Я сел в траву, стал ждать дальше, ивовую дудочку положил рядом на землю. Перед глазами все еще стоял пастушонок, выгоревший на солнце так же, как и его одежонка. Его окарина продолжала звучать, словно маня или жалуясь на что-то, порой звонко вскрикивая, порой погружаясь в задумчивость. Она навевала печаль — теперь-то я понимаю, сколько боли было в той песне, но еще больше было в ней одиночества. Лишь позже мне станет ясно, как много одиночества в пастушьем деле, а так как пастухи не умеют в отличие от деревенских дурачков сами с собой разговаривать, то и ведут они разговор — с помощью окарины или ивовой дудочки — с лесом, и со стадом своим, и со всякой лесной тварью. Редко прибегая к словам, они создали язык дудки и окарины, а стадо, разбредаясь по пастбищу, звоном колокольцев дополняет нехитрый этот рассказ.

В ту пору моя дудочка была частицей этого мира. Человек с самого младенческого возраста, если ему не хватает подходящих слов, чтобы выразить свои чувства, начинает петь или на чем-то играть. Не знаю, правда, может ли ивовая дудочка достаточно полно выразить все, что испытывает душа. Окарина, наверное, делает это гораздо лучше, но, раз я не умел играть на окарине, что поделаешь? Приходилось дуть в ивовую дудочку…

К роднику подползла черепаха, остановилась, подумала, пить не стала, а повернулась и поплелась дальше вдоль укутанного палой листвой родника. Затаив дыхание я следил, не вылезет ли черепаха из панциря, не станет ли щипать траву. Издалека долетел торопливый перезвон колокольцев — так торопливо они звенят тогда, когда стадо пугается чего-то. Залаяла собака, послышался женский смех. Именно в ту сторону ушел отец — уж не козарка ли это смеется?..

Я напряженно вслушивался, но ни женский смех, ни лай собаки не повторился, лишь изредка где-то вдали звякал одинокий колоколец. Черепаха скрылась в палой листве, зеленые сумерки рассеялись, стало жарко и душно. Помню, меня одолел страх, я крикнул раз, другой, эхо лениво и неохотно повторило мой крик, но отец не отзывался. Чуть слышно звучал где-то женский смех.

Я здорово струхнул, решил, что отец в поисках нужной тропки, должно быть, незаметно забрел в дурман-траву, а стоит в нее забрести, человек мигом теряет память, забывает, где он живет, и как, и с кем из родных, и где эти родные сейчас. И, когда я подумал, что отец больше не может обо мне вспомнить, забыл, что оставил меня возле родника и велел дудеть в дудочку и ждать его, у меня перехватило горло, и я разревелся. Наплакавшись до того, что перед глазами завертелись зеленые и оранжевые круги, я ополоснул лицо в роднике, глотнул воды, надеясь унять всхлипывания, но они не утихли, а перед глазами по-прежнему вертелись круги.

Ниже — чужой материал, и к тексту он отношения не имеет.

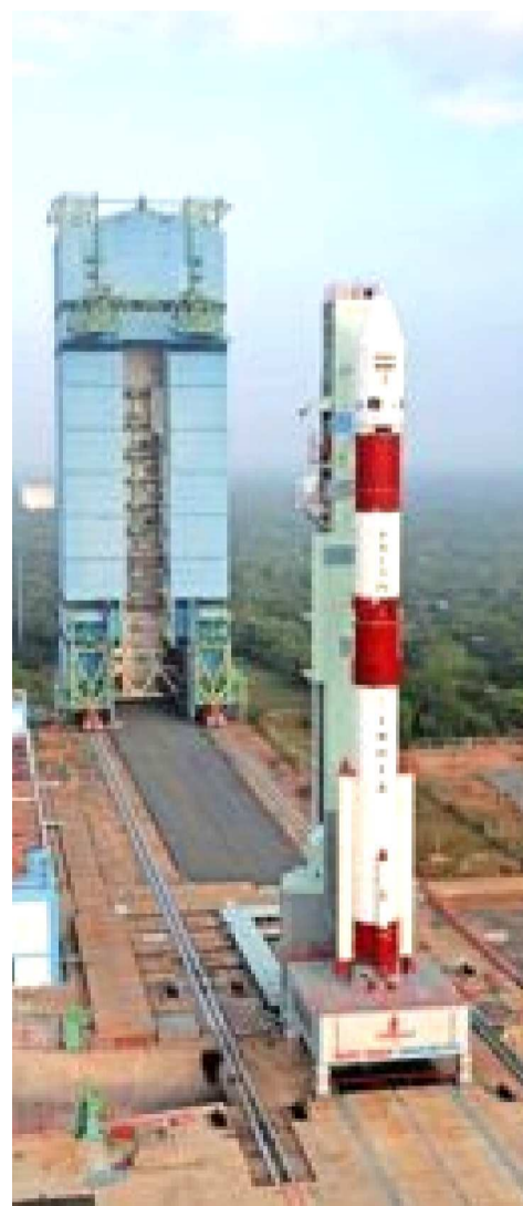
Foguete PSLV-C62 na base indiana Satish Dhawan Space Centre.

Desde a sua criação, em 10 de fevereiro de 1994, a Agência trabalha para viabilizar os esforços do Estado Brasileiro na promoção do bem-estar da sociedade, por meio do emprego soberano do setor espacial.

И вдруг из этих кругов и водоворотов вынырнул отец, в руках — топор и ствол срубленного деревца. Я кинулся к нему, прижался к его ногам, а он, отбросив топор и деревце, взял меня на руки (это случалось, между прочим, крайне редко). Я заглянул ему в глаза и увидел, что в них медленно кружат и расплываются такие же водовороты. Улыбка на его лице была кроткая, отсутствующая, словно он возвратился из иного мира, где видел что-то необыкновенно прекрасное. Он ощупал меня, опустил наземь и, зачерпнув из родника воды, плеснул мне в лицо, а потом наклонился к воде и сам долго умывался. Весь мой страх как рукой сняло, я осмелел, лес Усое снова стал приветливым, и на фоне его еще робкой, неяркой зелени загорелое лицо отца, усеянное поблескивающими каплями, показалось мне самым красивым на свете. Сегодня, перерывая пепел своих воспоминаний, я понимаю, что никогда больше не видел отца таким. Это было лицо человека, вынырнувшего из росы, но роса покрывала не только его лоб, брови, щеки, сбегая светлыми капельками на шею, — он весь был омыт росою, словно даже сердце росою омыл. Однако роса столь же недолговечна, сколь и красива.

Светлые брызги быстро рассыпались и исчезали, и лишь в глазах продолжали кружить таинственные водовороты.

«Идем, сынок!» — сказал отец, взяв меня за руку.

«А деревце?» — напомнил я.

Но он сказал, что мы по дороге срубим другое, ведь топор с нами. Когда у тебя в руке топор, а кругом целый лес, можно не опасаться, что не сумеешь повалить дорогой деревце. Куда ни повернешь голову, всюду перед глазами деревья — стоят, легонько подрагивают ветками, и каждое в твоей власти.

Я показывал отцу: «Вот это!» Он окидывал деревце рассеянным взглядом и говорил: «Нет, это не тронем. Видишь, дрожит, будто просит: «Пощадите, не троньте!..»

Я спросил: «Пап, а где же дурман-трава?» Он поглядел на меня, улыбнулся и сказал: «Где-то в этих краях, но заходить в нее опасно. Вырастешь — поймешь. А пока дуди знай в свою дудочку!» Но, пока мы шли лесом и я дудел в дудочку, я придумал, как дойти до дурман-травы и как из нее выбраться.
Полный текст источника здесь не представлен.